Conduction: heat is transferred from the warmer body to a cooler object, for example a cold wet shirt
Convection: when cool air moves across the body surface, heat is moved to the cooler air, warming the air and cooling the body
Evaporation: when water on the body surface is transformed from liquid, thus the body loses heat. Vaporization of 1gram of water equates to 0.6kcal of heat by persperation.
Radiation: Heat can be radiated by the body to the environment

When the air temperature is less than skin temperature heat is lost from the body by convection and radiation. As the ambient temperature reaches skin temperature and exceeds 87 degrees F, loss of body heat through convection and radiation is sharply curtailed. Cooling is then achieved by evaporation. Evaporation over most of the body surface directly cools the blood that runs through the cappillaries in the skin.



The tables above were adopted from Fox and Mathews, 1981, these are guide lines that coaches should use to modify practices and workouts.

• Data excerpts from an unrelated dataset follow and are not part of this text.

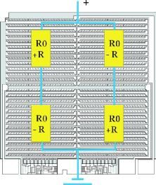 現(xiàn)代傳感器系統(tǒng)主要由兩個元件組成 —基本傳感器和信號處理專用集成電路 (ASIC)(圖 1)。現(xiàn)已證明,后來由 Lord Klevin 于 1857 年發(fā)現(xiàn)的各向異性磁阻效應(yīng)特別適用于檢測磁場。首先考慮通常具有多種磁疇結(jié)構(gòu)的鐵磁性材料。這些稱之為韋斯磁疇的結(jié)構(gòu),其內(nèi)部磁化的方向彼此不同。如果將這種材料平鋪為一薄層,那么磁化矢量處于材料層平面方向。另外,可較精確地假設(shè)只存在一個磁疇。當(dāng)這種元件暴露于外部磁場中時,后者會改變內(nèi)部磁化矢量的方向。如果同時一股電流通過該元件,就會產(chǎn)生電阻(圖 2),這取決于電流和磁化之間的角度。當(dāng)電流和磁化方向彼此成直角時,電阻最小,當(dāng)二者平行時,電阻最大。電阻變化的大小取決于材料。鐵磁性材料的性質(zhì)也決定對溫度的依賴性。電阻最大變化為 2.2% 并且對溫度變化反應(yīng)良好的最佳合金是 81% 的鎳和 19% 的鐵組成的合金。恩智浦所有傳感器系統(tǒng)中的基本傳感器都采用這種強(qiáng)磁鐵鎳合金。在惠斯登電橋電路中單獨配置幾個 AMR 電阻,以增強(qiáng)輸出信號并改善溫度反應(yīng)特性。此電路也可在制造過程中進(jìn)行微調(diào)。圖 3 顯示如何在裸片上配置 AMR 元件。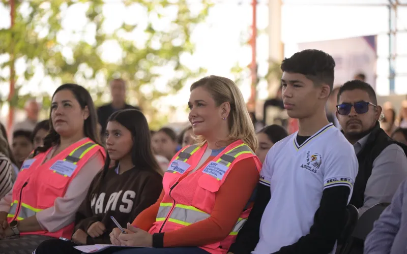 La gobernadora Maru Campos arrancó en la Escuela Secundaria 3044 de la ciudad de Chihuahua el Programa Juntos Construimos, con el que se mejorará la infraestructura de planteles de Educación Básica, en beneficio de 13 mil 989 estudiantes.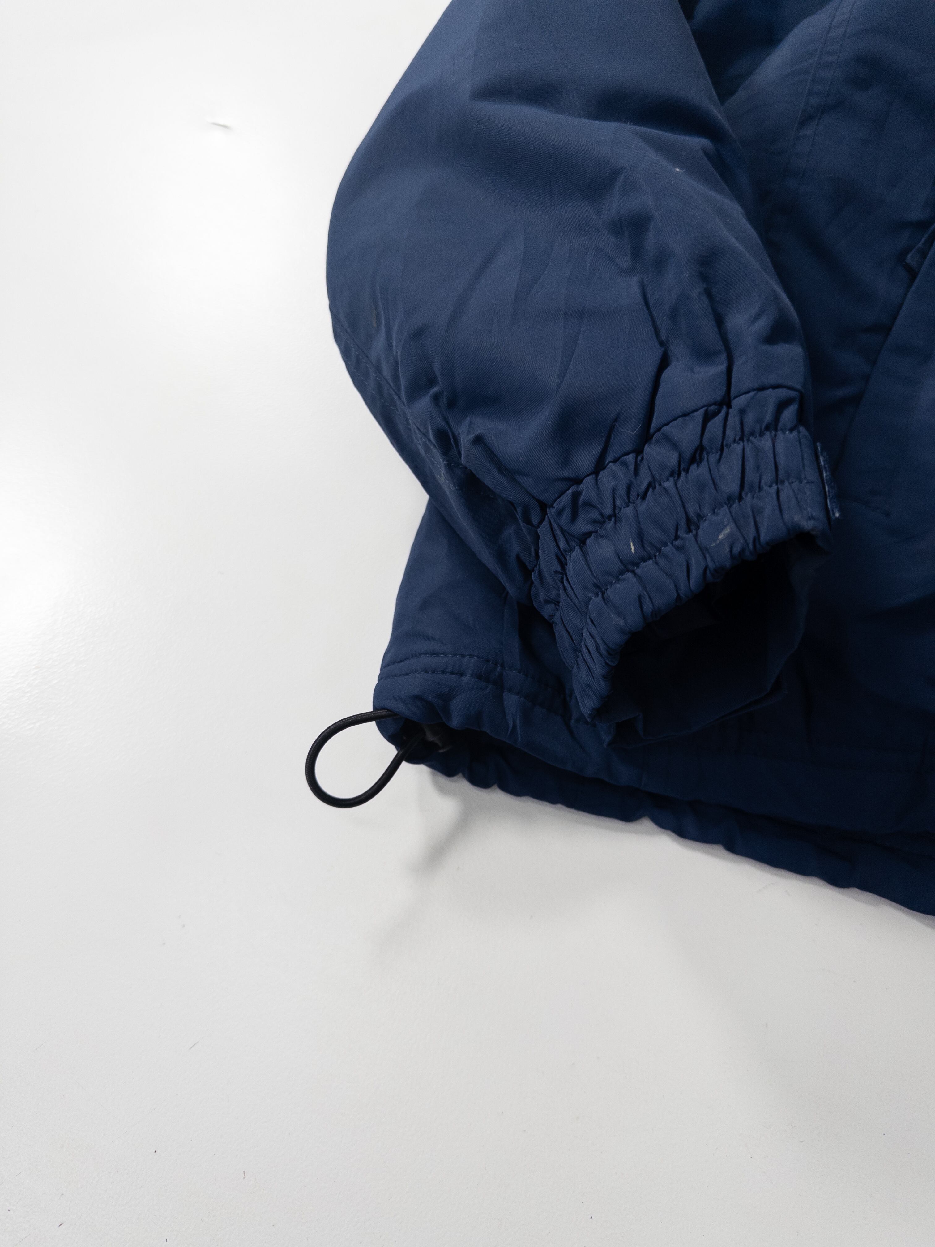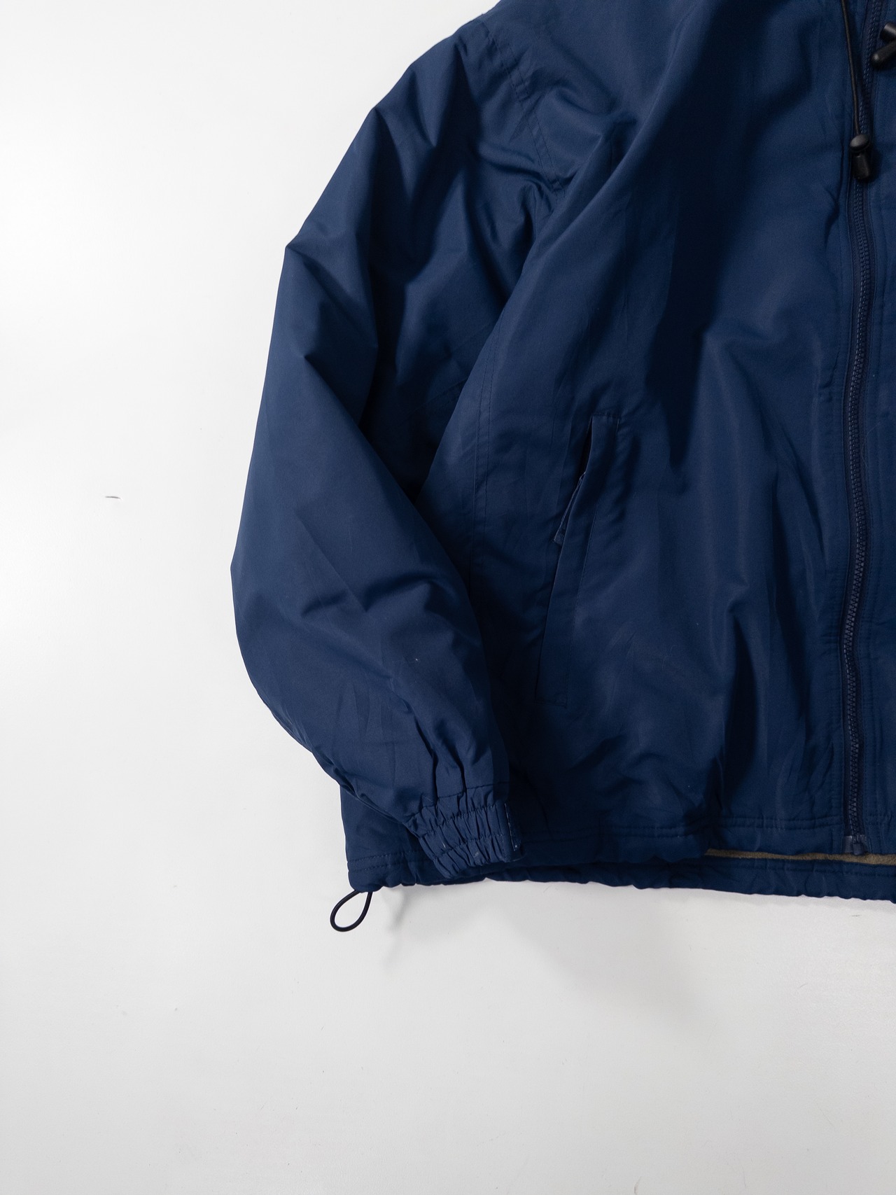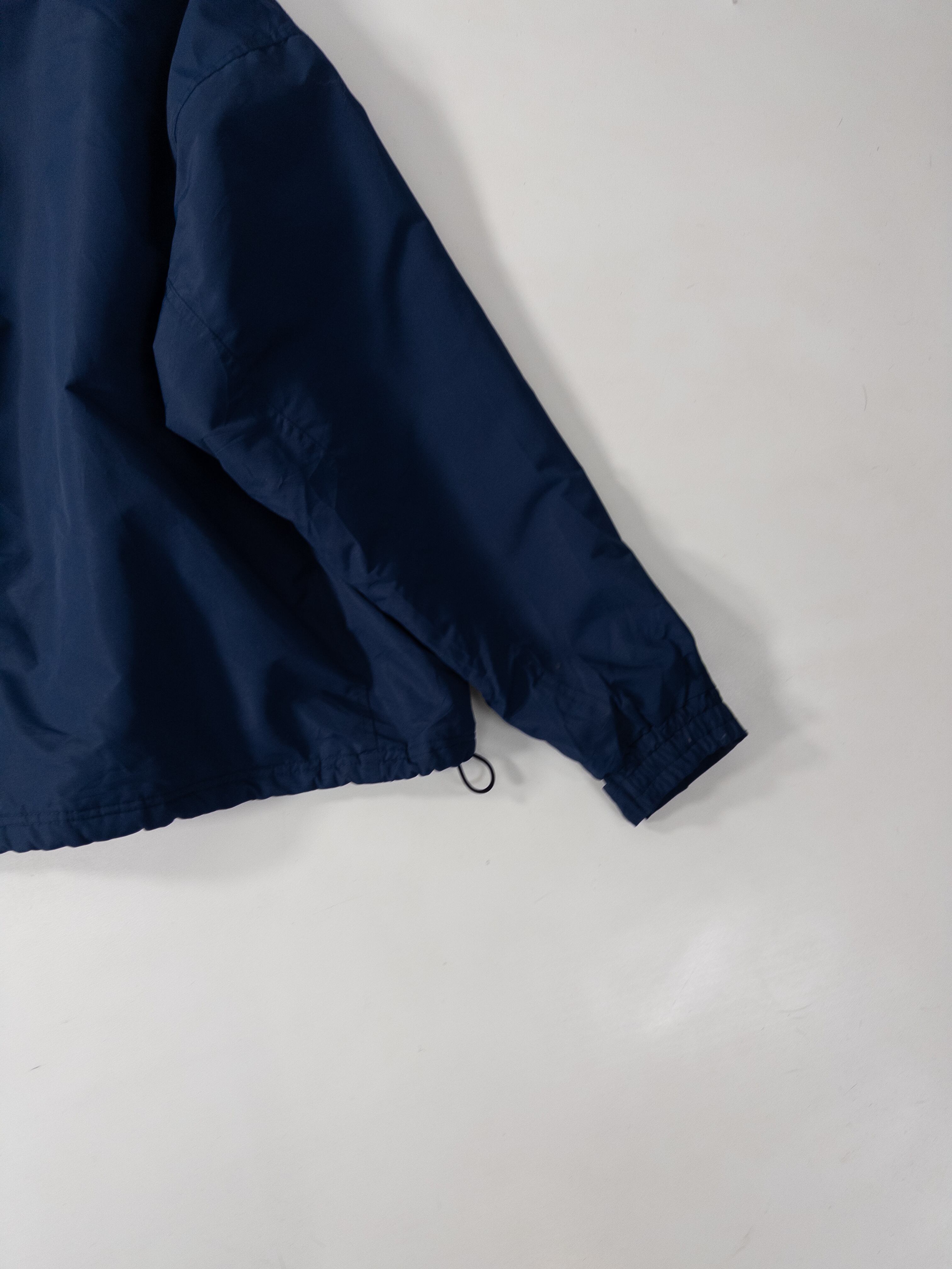 ネイビーのシェルにベージュのフリースを合わせた配色は、いかにもなアウトドア感を抑え、スラックスやチノなど街着のボトムスとも自然に馴染むのが魅力。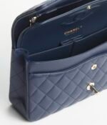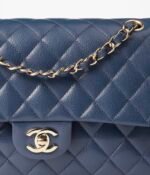 This flap bag is made of blue lambskin with gold-tone hardware, front flap with signature CC turnlock closure, half-moon back pocket, adjustable gold-tone interwoven chain link and blue leather shoulder strap.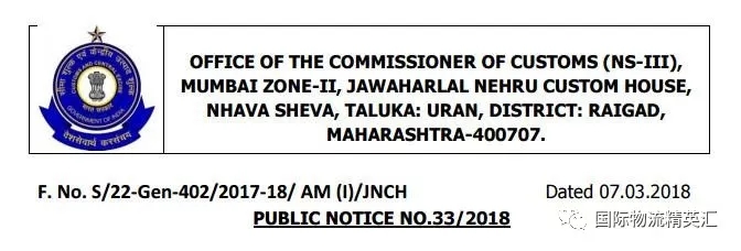 2018年4月1日起,所有出口至印度港口的货物(含印度内陆港),提单和舱单必须显示以下信息: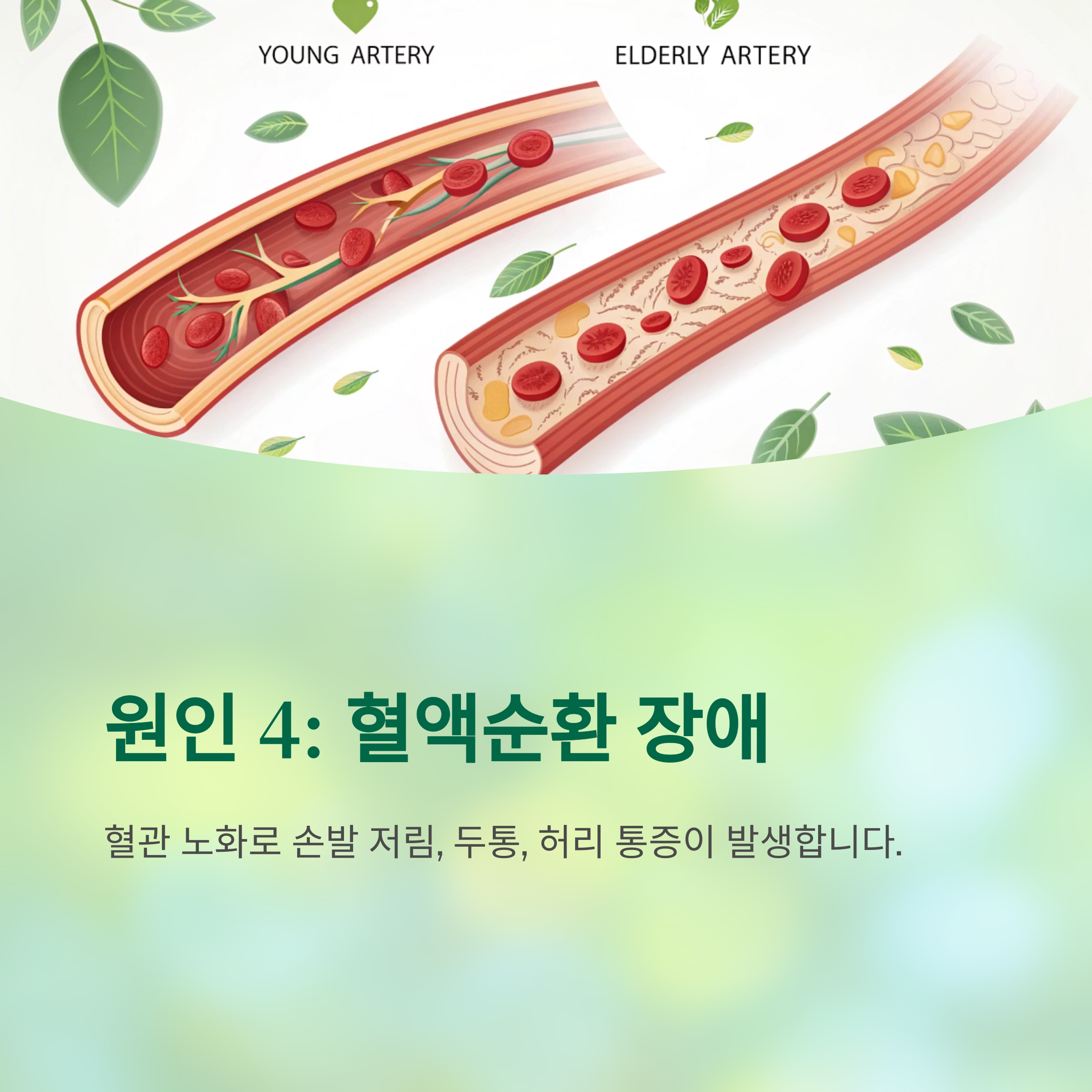 중년 이후 혈관 노화가 시작되면 혈액순환이 원활하지 않아 손발 저림, 두통, 허리 통증 같은 증상이 빈번히 나타납니다. 혈액순환 장애는 초기에 적극 관리하면 충분히 예방할 수 있습니다. 꾸준한 유산소 운동과 혈액순환을 촉진하는 스트레칭, 따뜻한 목욕 습관을 통해 혈관 건강을 관리하면 통증이 눈에 띄게 개선됩니다.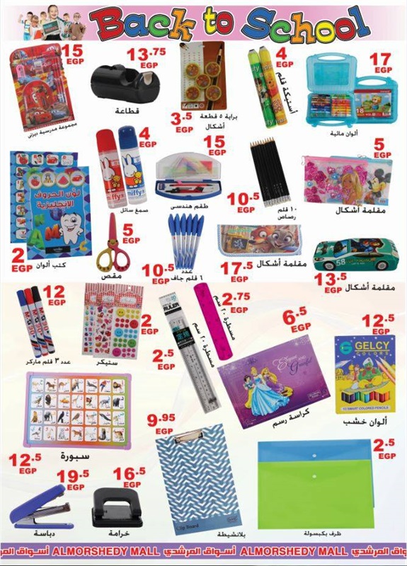 وشملت عروض المدارس على الآتي: "كشكول 40 ورقة بسعر 5 جنيهات، وكشكول 60 ورقة بسعر 6 جنيهات، و3 كشكول سلك بسعر 16 جنيها، ومقلمة أشكال بسعر 17.50 جنيها، ومسطرة 20 سم بسعر 2.75 جنيه".

Types of Heat Illness: Heat Cramps - Painful cramps involving the abdominals and extremities caused by intense, prolonged, exercise in a hot and humid environment. Cramps are caused by the depletion of electrolytes from profuse sweating.
Heat Synacope - Weakness and fatigue due to electrolyte and water loss from exercising in the heat, precursor to heatstroke.
Heat Exhaustion(WaterDepletion) - Excessive weight loss, reduced sweating elevated skin and core temperature, excessive thirst, weakness, headache and sometimes unconsciousness.
Heat Exhaustion(Salt Depletion) - May encompass heat cramps,nausea,muscle cramping and dizziness due to profuse sweating and inadequate replacements of electrolytes.
Heat Stroke - A true medical emergency related to, body is unable to regulate its cooling. Nausea,seizures,disorientation and possible coma. Heat stroke has a high mortality rate. In football, it is second only to head injuries as the most frequent cause of fatalities.

Prevention:

Heat illness or heat stress is the most preventable condition that involves an athlete's health. All athletes should have a preparticipation physical before the start of the season. In the medical history it should be noted if athletes have had a previous episode of heat illness. Climate and environmental conditions are not controllable, however, practice times, water breaks, practice intensity and athlete acclimitization are. As stated before athlete fitness is a major factor in the prevention of heat illness. Those individuals that are deconditioned and overweight are the most prone to heat illness. Even the larger athletes that are in good physical condition are prone because of their large body mass. Coaches need to have a handle of all athletes physical condition and plan practices accordingly. It takes an individual at least 8 weeks to see improvement in physical fitness, do not expect your athletes do get in shape during double sessions, eight week of conditioning can not be jammed into two. All coaches conducting double and triple sessions should take certain precautions. Try to practice at the coolest parts of the day, early morning or late evening. The hours between 2 and 4 pm are the hottest and most stressful. Give athletes liberal water breaks, and if they are football players give them a chance to get their helmet and football pads off during those breaks. Advise your athletes to bring a change of tee shirts. Tee shirts saturated in perspiration prevent the body's cooling by evaporation. Have athletes wear light colored clothing, and keep intensity of the practice sessions low in high stress situations. Athletes should be given a 10 minute break every half hour if temperature is between 80 and 90 degrees F and humidity over 70%. If temperatures are over 90 degrees and humidity is over 70%, practice should be suspended. A shortened practice in tee shirts and shorts could be established. Athletes are obviously going to compete in hot and humid conditions, so they need to be acclimatized to those conditions. Acclimatizing for an athlete should be gradual and should take place over a two week period. Athletes should be gradually exposed to hot and humid conditions. Some experts agree that two weeks of heat exposure for only 90 minutes a day will acclimatize an athlete. Where full acclimatization may take 2 months, the affects of being acclimatized will last up to 6 weeks.